Based on a 1965 autobiographical novel by that supreme nostalgist J. B. Priestley, “Lost Empires” depicts the coming of age of a tongue-tied Yorkshire lad when he falls among actors. His education is complete when he marches off to the trenches of World War I.
“The old stage-for-life analogy is the basis of the piece,” says Colin Firth, the rising young star who plays the central character of “Lost Empires.” “The whole purpose of the theater is to play tricks on people’s imaginations, but no one falls for the tricks as quickly as actors. An entirely sane person, if there is such a thing, wouldn’t make a very good actor.”
Firth’s character, Richard Herncastle, is an oasis of sanity among a neurotic assemblage of tumblers, comedians, chanteuses, dancers and necromancers who travel an endless circuit of Empire Theatres, one in every town in England. Firth plays an aspiring artist who hires on as an assistant to his uncle, an acid-tongued magician (John Castle).
Firth is a lot more worldly wise than his character, who “hasn’t a clue about women.” His manner forthright, his gaze steady, Firth says of himself, “I have a certain amount of confidence in the sound of my own voice. I don’t melt and blush very easily.”
Firth’s first professional engagement was replacing Rupert Everett in the London stage production of “Another Country.” From playing that outspokenly homosexual role in the theater, Firth went on to play a straight supporting role in the 1984 film version.
“In drama school (London’s Drama Centre) I tended to get flamboyant characters, paranoids and psychos (Hamlet was his crowning achievement as a student). Since then, I’ve been astonished to find myself playing naive, sensitive, romantic young chaps.”
Firth played Armand in a 1984 CBS television remake of “Camille.” He will be seen later this year in two British films, “1919” and “A Month in the Country.” In both, as in “Lost Empires” and several other recent British TV roles, Firth appears more or less naive, sensitive, romantic and above all young.
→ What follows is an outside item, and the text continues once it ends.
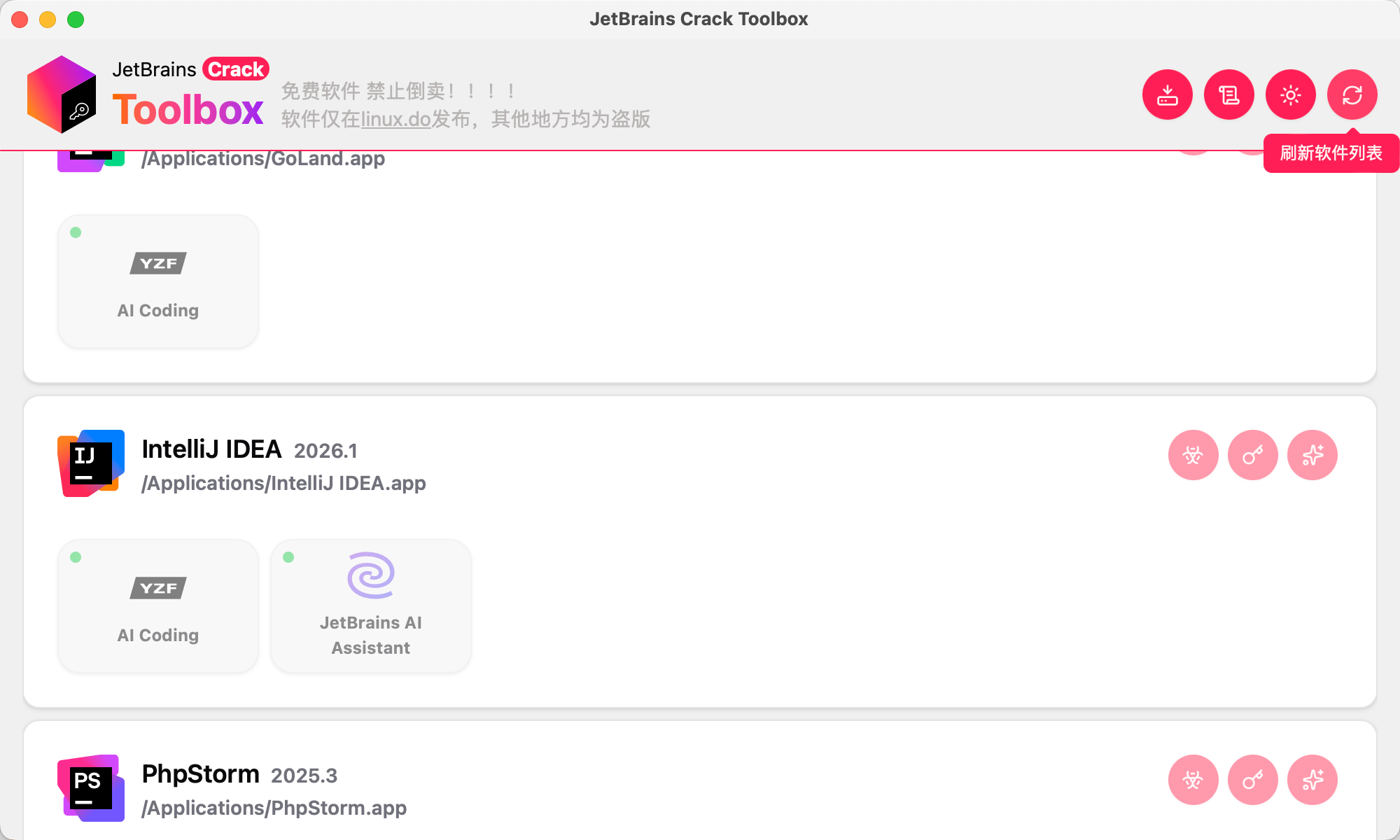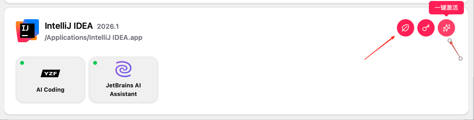 Jetbrains官方最近发布了最新的2026.1版本,不少小伙伴在后台留言说工具失效了,也有因为是内网开发需要离线的,今天分享一款离线全家桶激活工具,懒人专属,一键激活全部IDEs和插件,操作便捷,支持最新版本2026.1,同时支持Mac、Win、Linux下使用。按教程操作即可完美激活。

Every handsome young actor, from Lord Laurence Olivier (who had a role in the first installment of “Lost Empires”) down to Firth, has had to pass through the stage of playing these humorless youths. Still, such a problem never occurred to Firth when at age 14, he recalls, “I announced to myself and everyone else that I would become an actor.
“I’m not sure how serious I was at first. It was a nice thing to be able to say at school. It was a good way to abdicate responsibility for academic matters. I had no idea what acting as a way of life entailed.”
Firth’s father was a teacher who liked changes of scene. So the boy was brought up in such diverse places as Nigeria, Southern England and St. Louis. St. Louis was the “most hideous memory” in Firth’s childhood because “I was a precocious brat with grass-stained knees who was too proud to be silent.”
At 18, the unprepared would-be actor arrived in London and joined the amateur National Youth Theatre. He immediately got cast as “third fairy on the left” in “A Midsummer Night’s Dream.”
After the play’s run ended, he stayed on at the theater answering the stage door phone. “I sat in a tiny cubbyhole taking calls to and from quite famous people, alone in the building and alone in London.”
He avoided cracking up by winning a job as tea-maker in the wardrobe department of Olivier’s National Theatre. From this glamorous position, so close to the roar of the greasepaint if not to the smell of the crowd, he advanced to drama school, to “Hamlet” and now to poor Richard Herncastle of Priestley’s “Lost Empires.”
Until recently, Priestley was out of fashion. Once one of England’s most popular novelists and playwrights, by the 1960s he seemed lightweight, “suburban” and middle-class. In the Thatcher years, though, comfortable virtue is prized over unsettling experiments, and Priestley’s well-made work has been widely revived. Perhaps his best known play is “The Good Companions,” also about the life of touring actors. “Priestley is a very accessible writer,” Firth says.
“ ‘Lost Empires’ took a solid year to film,” he recalls. “Not on and off--more like, on and on. I’d never toured in a repertory company, so making this was a little like rep for me--and also a little like a life sentence.”